Actually profit margin is better on "consumer" grade i7/i9 chips than server class Xeon so they don't necessarily make more money by selling you a 10K machine vs 3K.

I'm using Pro Tools on a nMP (dual Xeon) and my buffer lives on 64, lots of VIs, mix (5.1)/record as I compose, all in the box, works fine. Before that I was using an HP Z800 workstation (dual Xeon), low latency recording, mixing in surround and lots of VI...again solid.

For an upcoming project, i'm putting together a new Cubase rig as my collaborators are on that platform. Read lots of reviews/tests and i7/i9 seems to be the golden choice for Vis. My PC pimp is letting me test drive a top i9 machine vs Dual Xeon and choose whichever one fits my needs. Will report back soon!


----------



## Damarus

Anhtu said:


> My PC pimp is letting me test drive a top i9 machine vs Dual Xeon and choose whichever one fits my needs. Will report back soon!

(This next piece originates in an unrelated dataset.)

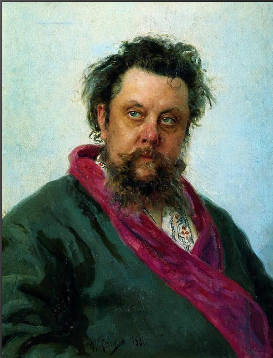
Илья Ефимович Репин. Портрет Модеста Петровича Мусоргского.... 1881, ГТГ

Would be interested in these results! What interface are you using?


----------



## Mishabou

Pictus said:


> BTW, have you seen this
> https://vi-control.net/community/th...960x-and-128-gb-or-ram-versus-i9-7940x.75879/
> /



Not sure what's the big deal or I'm I missing something ? If I understand correctly, he's playing back 100 voices using different VIs at 128 buffer. I tried it on my 6 year old nMP with PT ultimate 2018.7 and it works fine. Usually I use around 60 to 70 VIs, around 70 - 90 voices total at 64 buffer.


----------



## Mishabou

Damarus said:


> Would be interested in these results! What interface are you using?



My studio is on Dante, love the flexibility...

I'm using Avid MTRX, Focusrite RedNet and PCIe.


----------



## Flexi83

Hi Damarus,
any updates regarding the i9 machine vs Dual Xeon comparisson?
Regards
Feliks


----------



## bill5

Just a note to others who might be reading this and thinking they have to have these REALLY high-end machines...if you can afford it more power to you (and I'm jealous), but these are not required. 128GB RAM good Lord, can I get a job where you are


----------



## Damarus

Flexi83 said:


> Hi Damarus,
> any updates regarding the i9 machine vs Dual Xeon comparisson?
> Regards
> Feliks



I was always under the assumption that top tier desktop CPUs are the best for DAW performance. They are designed to run as fast as possible. Xeon processors are meant to run 24-7, be reliable, and have great multi-tasking abilities.

Highest single thread performance is the best for DAW performance from what I've seen, but people are using Mac Pros, and iMac Pros with Xeon processors in them.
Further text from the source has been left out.